Brain cancer often strikes suddenly, and it usually shows no mercy.

For people diagnosed with Glioblastoma, the odds are not good. Life expectancy for this deadliest form of brain cancer is about a year, but that might change if the Food and Drug Administration approves a new treatment.

It would be the first non-chemical treatment for brain cancer. That would mean no radiation and no chemotherapy. It's undergoing clinical testing at the Swedish Neuroscience Institute in Seattle.

Doctor John Henson says the treatment consists of bombarding the tumors with focused electricity. Patients wear hats with electrodes inside that have shown signs of preventing cancer cells from dividing.

"If we can inhibit cell division within the tumor, then that will cause the tumor to stop growing or perhaps even make it shrink," he said.

Dellann Elliott went before a Food and Drug Administration panel last week asking that this new treatment be approved.

Glioblastoma took her husband Chris nine years ago, and she's been fighting ever since for increased funding for research and new and better treatments.

"I feel like I just jumped across the Grand Canyon for brain tumor patients," she said after that panel approved the treatment and sent it to the FDA for the final OK.

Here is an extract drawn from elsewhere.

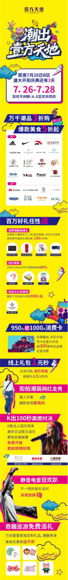開業(yè)期間,精彩紛呈的活動當然是必不可少的。7.26-7.28開業(yè)期間,B區(qū)將聯(lián)動A區(qū)、E區(qū)開展一系列活動。開業(yè)活動緊扣B區(qū)定位“潮流品味先鋒主場”,充分抓住當下年輕人愛玩、敢玩的特色,將整個壹方天地變?yōu)槌比?、炫酷的歡樂海洋。

"There have only been three approved chemo's in the last 35 years for brain cancer," Elliott said. "When you look at that and see a new option that is completely safe and has a higher quality of life versus chemo, you know my message to the FDA panel was 'Why would you not approve this?'"

Elliott said it doesn't have the side effects and sickness associated with the current treatments for brain cancer. The only thing patients complain of, she said, is that their heads get warm.

Dr. Henson is excited to potentially have another option for treating patients because there are so few choices.

"After one episode of progressive disease, we run out of effective treatment options," he said. "This is a completely new angle of attack, if you will, on the tumor." It might make living with Glioblastoma manageable or even increase the odds or length of survival.

The FDA is expected to announce its decision on this new brain cancer treatment in a few months.